Wait a minute. I’m feeling… suspicious. I start to count in my head how many cliches just came out of her mouth. My mother hates cliches.

I lean toward her to get a better look into that angry face. She’s frowning all right, but those eyes! They give her away. I’m disgusted with myself for falling for it so easily. “You did that on purpose, didn’t you?” I demand.

She moves forward, putting herself in range to plant a kiss on my forehead. “Yes dear. Did it make you feel any better?”

No. I knew you didn’t mean it either. I was just playing along.
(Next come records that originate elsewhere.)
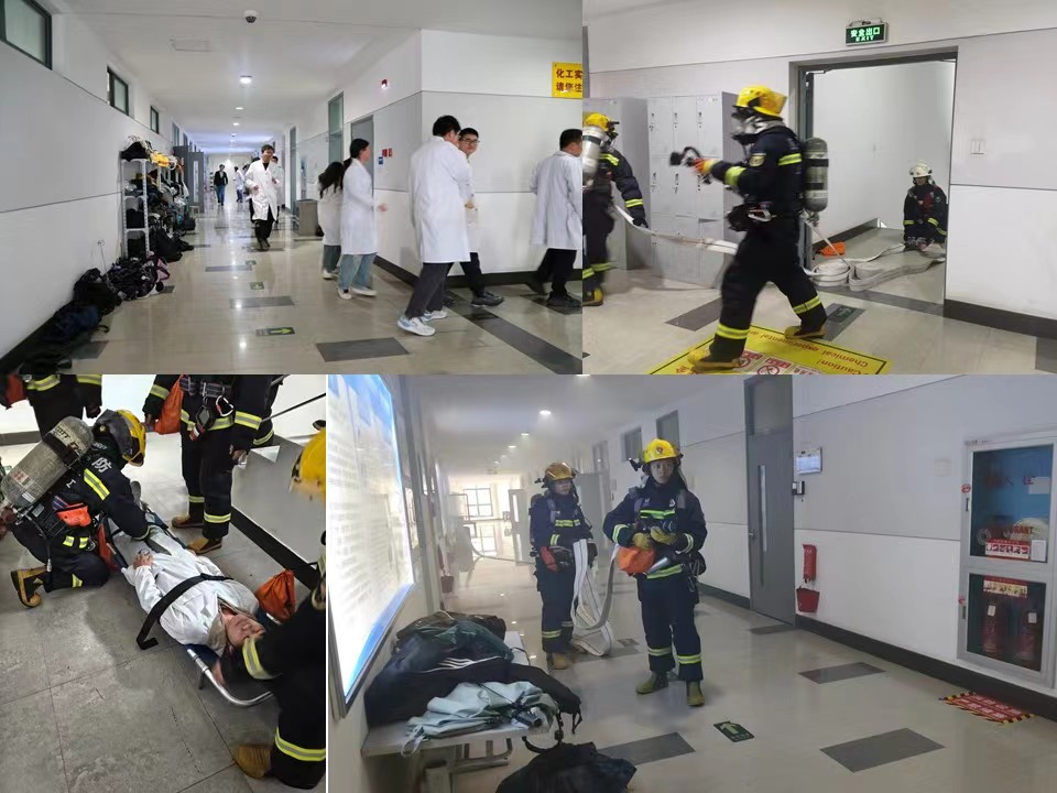 4月12日下午1时许,逃生疏散演练开始。实训4号楼5层冒出浓烟、4号楼消防警铃突然响起,在应急疏散员的引导下,正在开展教学、科研、办公的200余位师生在5分钟内完成了疏散撤离,并于10分钟内全部到达指定集合点。同时,学校微型消防站的队员在3分钟内赶到了事发点,开始了初期处置。10分钟后,应急消防队也赶到事发地点进行进一步处突,并开展被困人员施救与伤员转运等工作。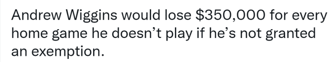 360直播吧9月28日讯,勇士球员维金斯在媒体日采访中谈到了疫苗话题,从目前的情况来看,他仍不打算接种新冠疫苗。根据旧金山卫生防疫规定,在他完成接种前,将无法参加勇士的主场比赛。日前,NBA官方已经拒绝了维金斯的宗教豁免申请。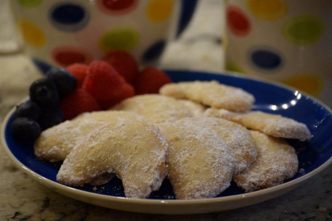 I got hold of the recipe immediately (which is apparently Austrian in origin) and the day after I exited JFK, I baked a pile of them, with a bit of help from my daughter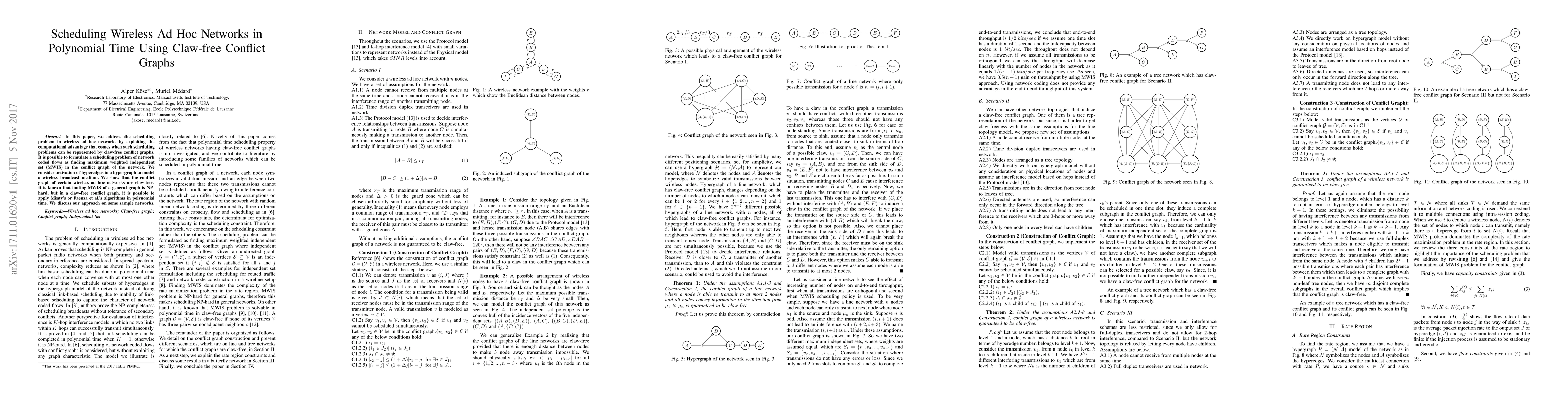This paper proposes a polynomial-time scheduling method for wireless ad hoc networks by representing scheduling problems using claw-free conflict graphs, which allows the application of efficient algorithms for finding maximum weighted independent set, thus overcoming the NP-hardness of general graphs. The study demonstrates the applicability of this approach on sample networks.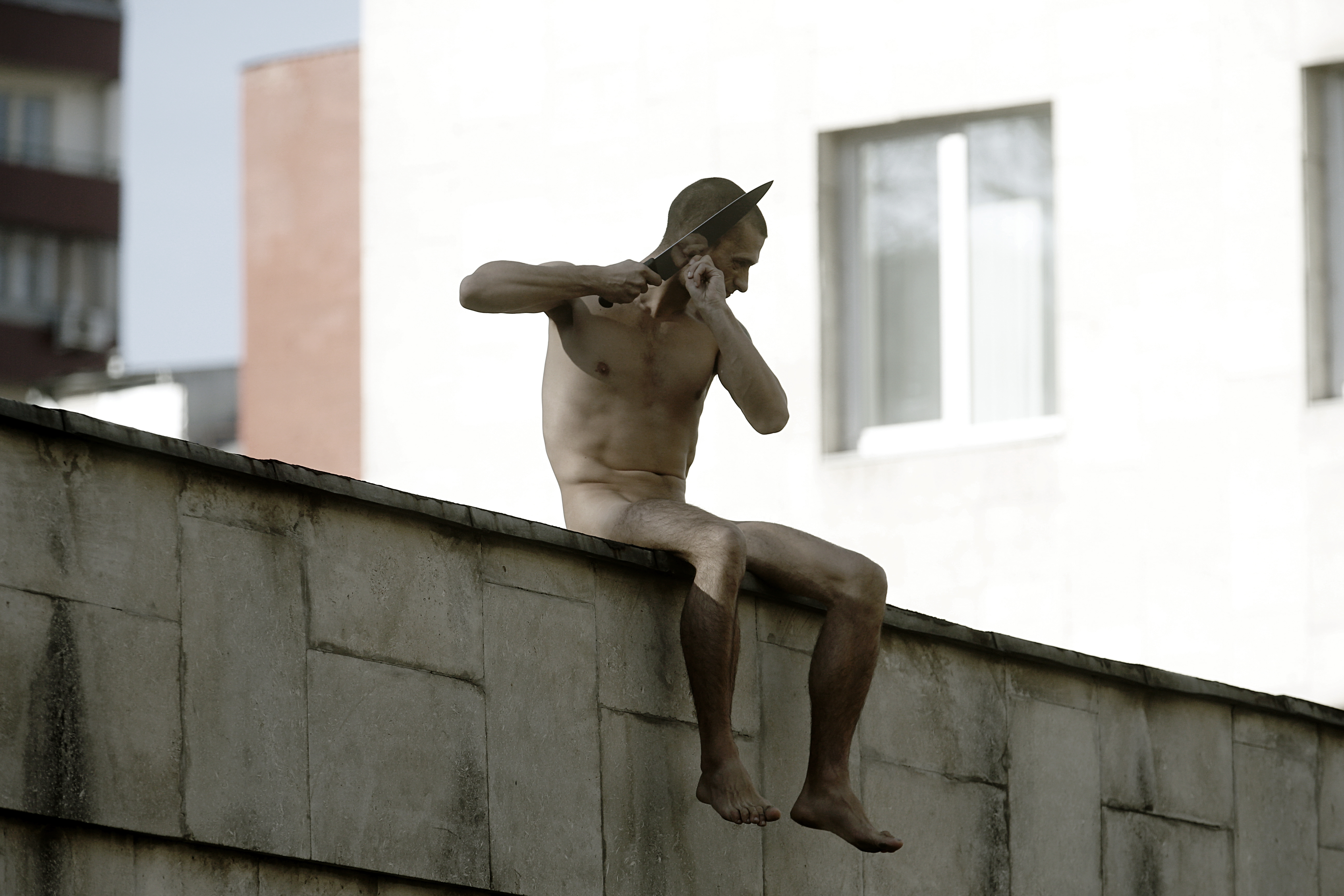Олег Кулик: Я видел все эти нью-йоркские перформансы, о которых говорит Милена – просто стошнит от 99%. Все в основном костюмированные, чистая театральщина. Но когда я увидел этот перформанс и фотки... Он еще висел на этой проволоке – это вообще невероятно: не просто терновый венец, а вот так на себя намотать… При этом было абсолютно эстетическое ощущение, казалось, что ему не больно. Мне кажется, это очень сильно заостряет старую технику. То ли он бесчувственный, то ли он настолько чувствительный, что работает только с социальной реальностью… И даже интересно прогнозировать его неудачи. Приехал он в Киев поджигать колеса и всем там мешал, там серьезные баррикады, серьезная борьба, его оттуда просто прогнали – чуть ли не поварешками.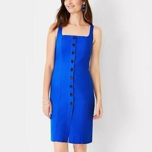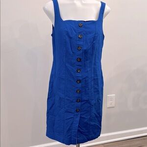 Ann Taylor 4 Petite Blue Button-Front Linen Blend Sheath Tank Dress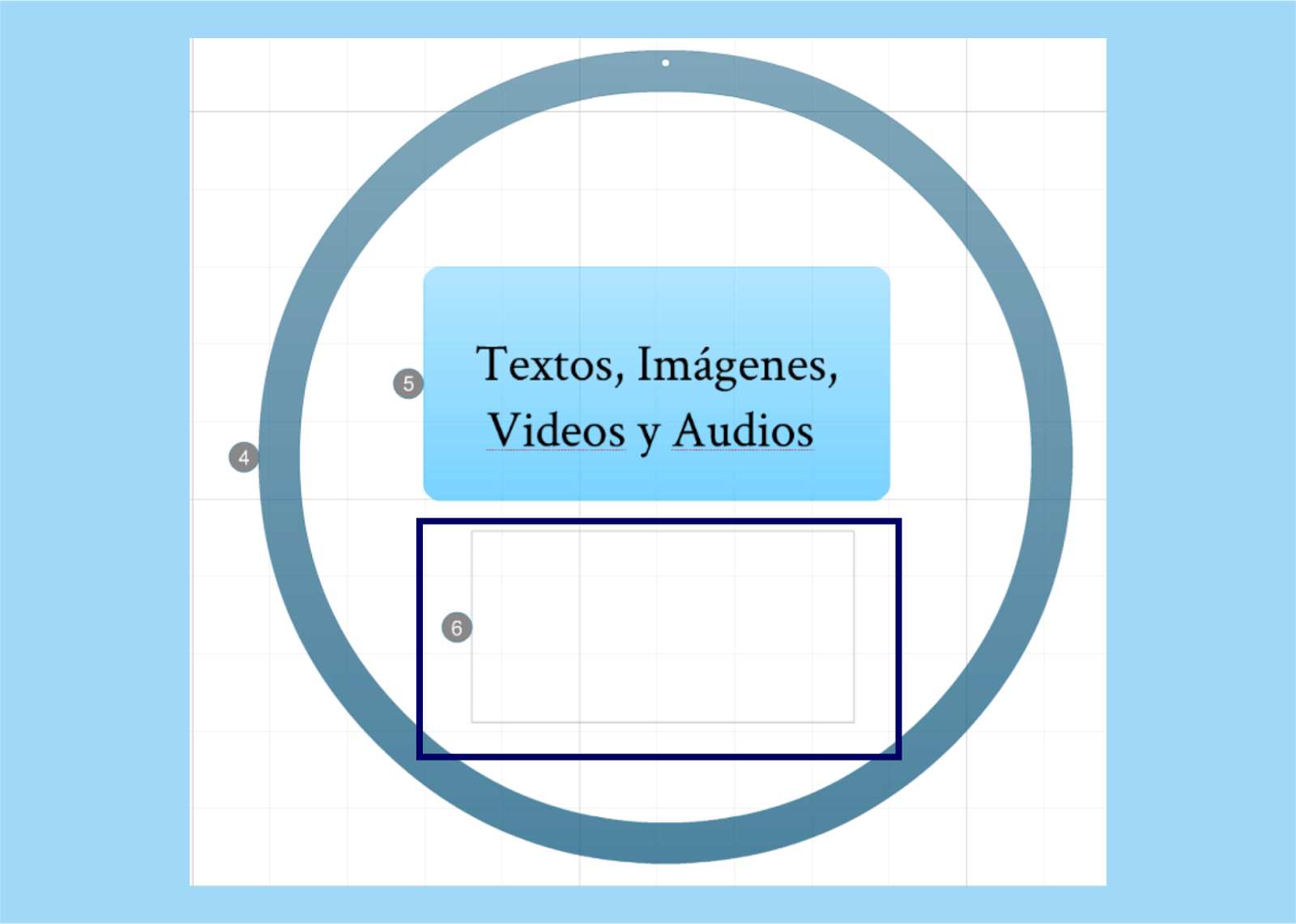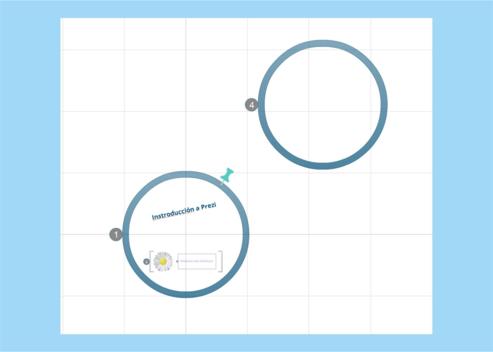 2.- Lo colocamos a cierta distancia del primero. Si os fijáis, aparece el número 4. Esto quiere decir que es la cuarta parada que realizará la cámara de Prezi cuando estemos en el modo de vista dinámica. El orden puede cambiarse, como veremos más adelante.

Of course you were." She tries not to look smug. I try not to let her see how much I hated the whole little episode. "Just let me know, Chris, anytime you feel the need for me to be a normal parent and yell at you again, I’ll work on my delivery. I’m sure I can be more convincing next time.

That’s okay," I tell her. "I don’t want you to go to all that trouble. If I feel the need I’ll just go over to Erin’s. Her dad’s had way more practice at it.

It’s up to you." She smiles at me. "I am a good mother you know.

I know," is all I say because I can’t think of anything else. Except… "Mom?

“Hmm?” She’s picked her pen back up, but looks my way before putting it to the paper in front of her.

I squirm a little before asking, “Do you really hate my hair? Or my clothes?”

She laughs. “Nope. I’m not fond of that last little ornament stuck through the edge of your lip, though. It’s a likely place for an infection to set in. Does that make you feel any better?”

“Of course not,” I say. But I’ve lied. For some stupid reason, it does.